A non published Court of Appeal case has indicated a professional athlete is not entitled to benefits in California

The applicant was a professional basketball player in the Women’s National Basketball Association (WNBA). The applicant did not reside in California during her career in professional basketball.

She played one game in California on July 20, 2003.

She did not have a specific injury on that date. She filed a cumulative trauma for her multiple basketball injuries with the Workers’ Compensation Appeals Board (WCAB).

A Workers’ Compensation Judge (WCJ) awarded disability benefits and the defendant filed a petition for reconsideration. The WCAB rescinded the award and returned it to the WCJ for apportionment purposes. The defendant filed a writ with the Court of Appeals.

The Court of Appeal issued this decision even though there was no final decision or order from the WCAB.
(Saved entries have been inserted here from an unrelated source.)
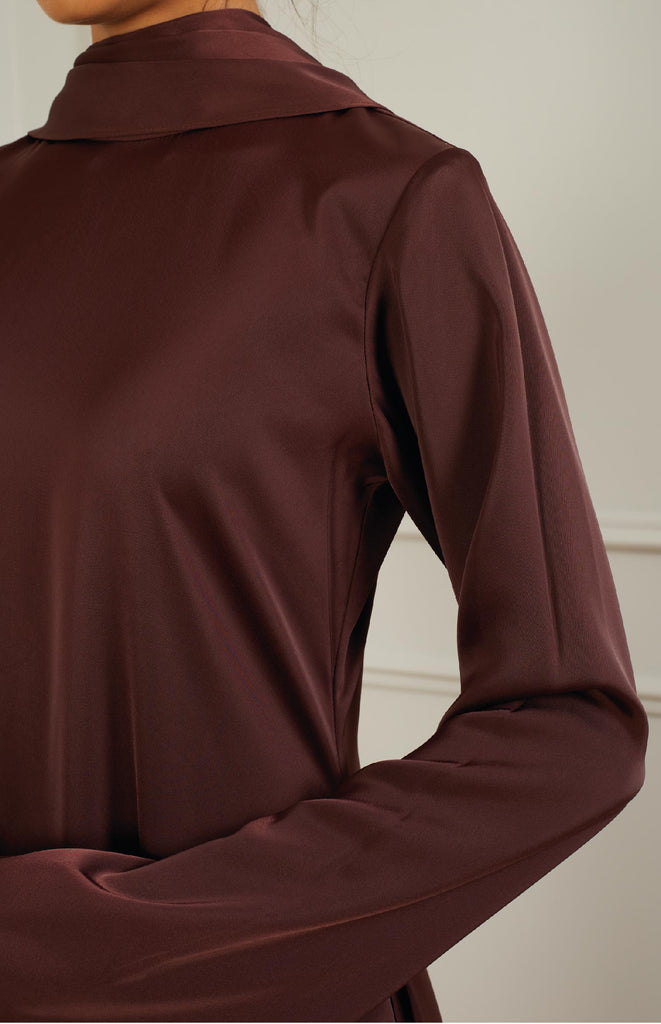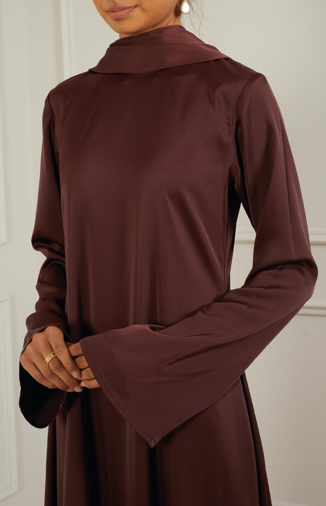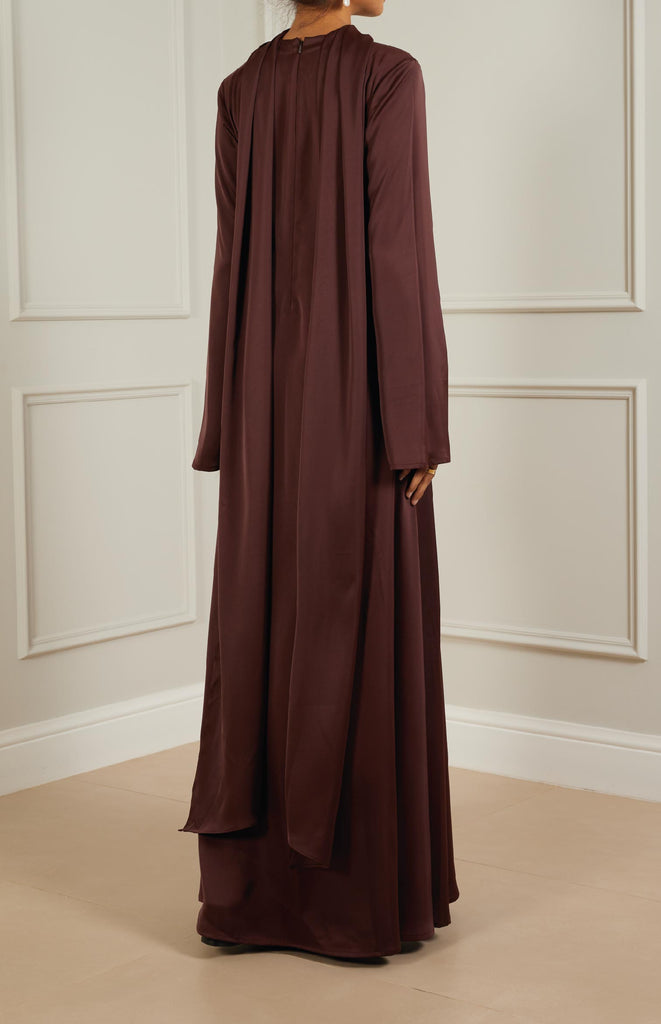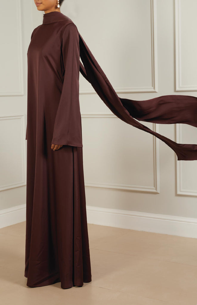 Refined straight silk kaftan with elegant sleeves, adorned with a silk scarf draping gracefully around the neck for added sophistication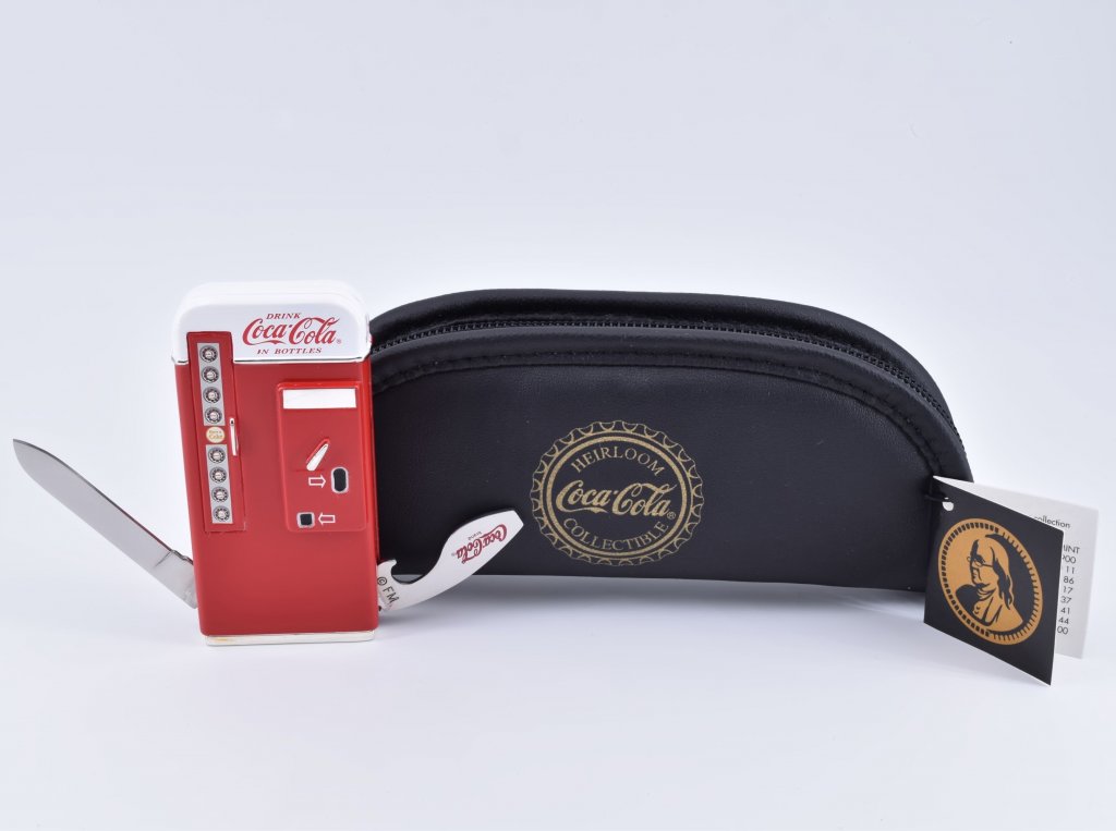 Still with original box and tags, this heavy and high quality vending machine replica contains a fold out bottle opener on one side, and a fold out knife on the other. Comes in padded zippered “Heirloom Coca-Cola Collectible†soft case. Makes a great gift!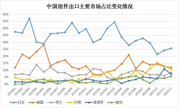 日本一直是中國組件出口的最大目的國市場,也是世界上最大的光伏應用市場之一。2015年第1季度,日本占中國組件出口份額為41%。此后整體呈下跌趨勢。到第4季度日本的份額已降至24%。日本份額的下降主要由于日本光伏市場增長的放緩。2015年4月后日本的FIT收購價格大幅下降,而組件成本的自然下降又不足以彌補IRR的降低,從而抑制了裝機量的增長。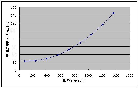 与石油路线的烯烃生产法相比,DMTO技术具有很强的经济优势。以60万吨/年DMTO项目为例,对其经济性进行了分析并与石脑油制烯烃路线进行了初步对比分析。图1为相同的烯烃生产成本时(石脑油路线为扣除副产后的可变成本),煤炭价格与原油离岸价格的对应关系。当煤价为400元/吨时,对应的原油离岸价格约为30美元/桶。煤价从200元/吨降低至70元/吨时,对应的原油价格(23-25美元/桶)几乎不再变化,说明较低的煤炭价格并不能更有效地增加煤制烯烃的经济竞争力,主要由于煤炭原料成本在烯烃生产成本中的比重大幅度降低的原因。更高的原油价格,如145美元/桶,可以允许高达1360元/吨的煤价,烯烃生产成本仍然能够持平。很明显,DMTO技术的煤制烯烃生产路线具有显著的经济竞争力。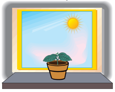 Elif saksıda yetişen menekşe bitkisini, güneş ışığı ve hava alan bir pencere önüne şekildeki gibi koymuştur. Bu bitkiyi belirli bir süre düzenli olarak sulamıştır.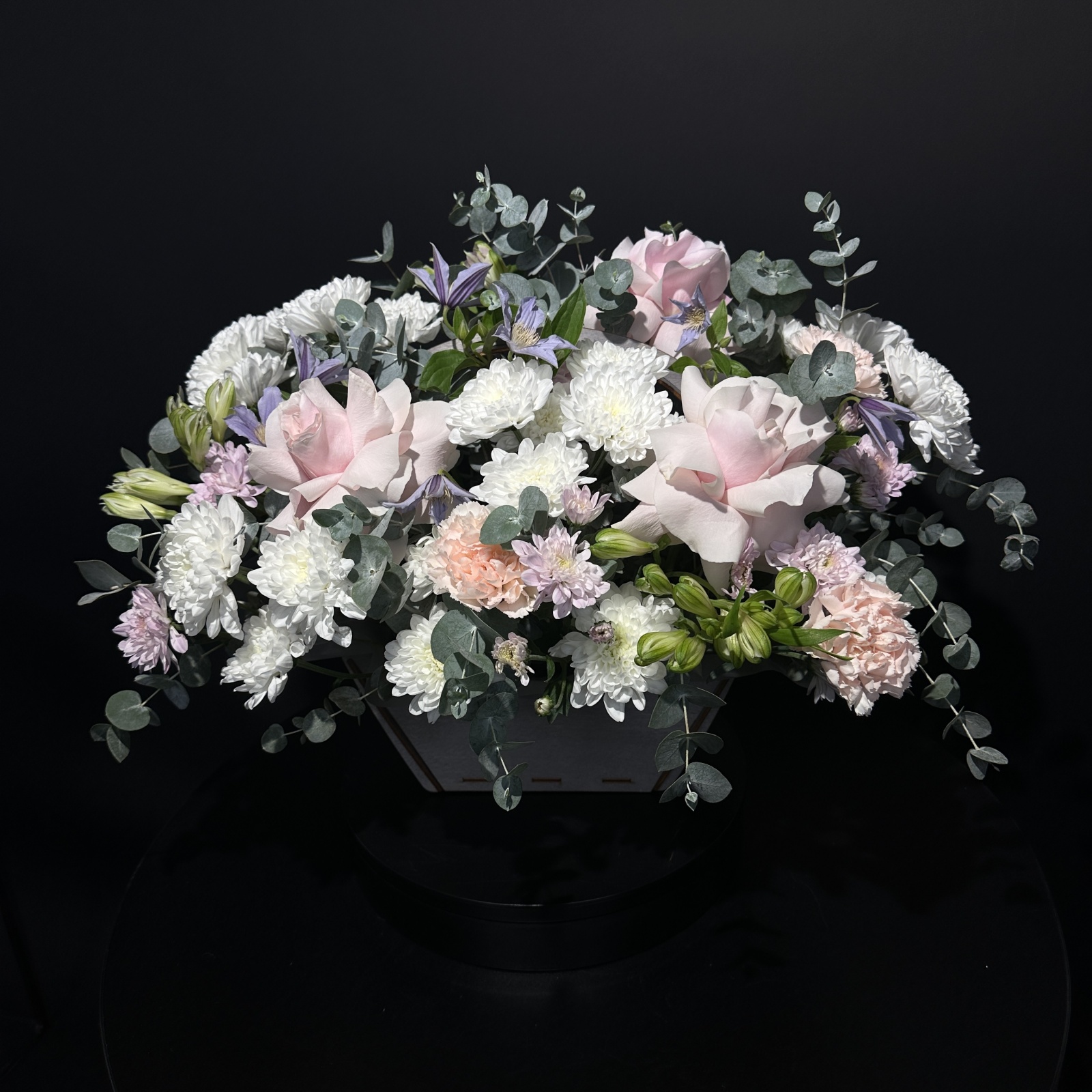 Состав: хризантема кустовая 4, альстромерия 3, клематис 3, эвкалипт 3, гвоздика 3, роза 3 и прочее.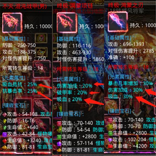 装备的话中期就要着重搞攻击破甲了,刀的话推荐大家合攻爆的武器,如果有实力的话最好是合终极刀,各方面都可以兼顾到,项链的话有条件就合伤害加破甲的双属性,运气好的话终极项链也可以,其他的装备主要以抗暴击,伤害反弹以及破甲率为主,为什么要这样做呢,大家可以想一下,因为前期的话咱们都属于是在发育阶段,所有没有人愿意去打假,但是中后期就不同了,大家的装备都是该差不差的,总会有些玩家喜欢打假,尤其是在大家挂机的时候清人。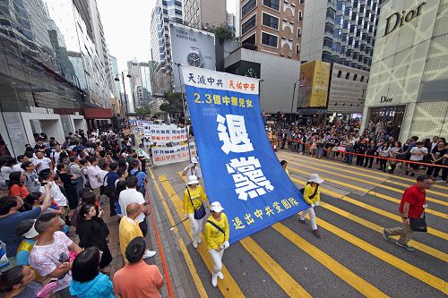 三位二十岁出头的年轻女孩结伴来港自由行,从法轮功学员小红手上接过真相资料,驻足聆听、明白真相之后,都请小红帮忙各取化名退团、退队,她们高兴的向小红道谢,才快步追向法轮功游行队伍方向而去。

The appellate court indicated California does not have sufficient interest to apply its workers’ compensation law or to retain jurisdiction over the case. As a matter of due process, California has no obligation to the applicant.


In a panel decision the WCAB determined that a minor is entitled to the death benefit

The applicant was the minor son of a father who died in a work related motor vehicle accident. His mother was a total dependent. There was a minor daughter of a previous marriage.

A workers’ Compensation Judge (WCJ) found the minor son to be a total dependent and awarded him one third of the death benefit. The minor daughter of the previous marriage appealed contending she was entitled to the entire death benefit for minor children. The issue was that the minor son was excluded because his mother was a totally dependent spouse.

The panel decision was split with a dissenting opinion. The majority analyzed Labor Code sections 4703.5 and 3501. They also looked at legislative history and determined that there was nothing intended to deny the special benefit to a totally dependent child who lives with his totally dependent mother. Therefore, the minor son was entitled to the special death benefit.

The dissent would have excluded the minor son based on the statutes.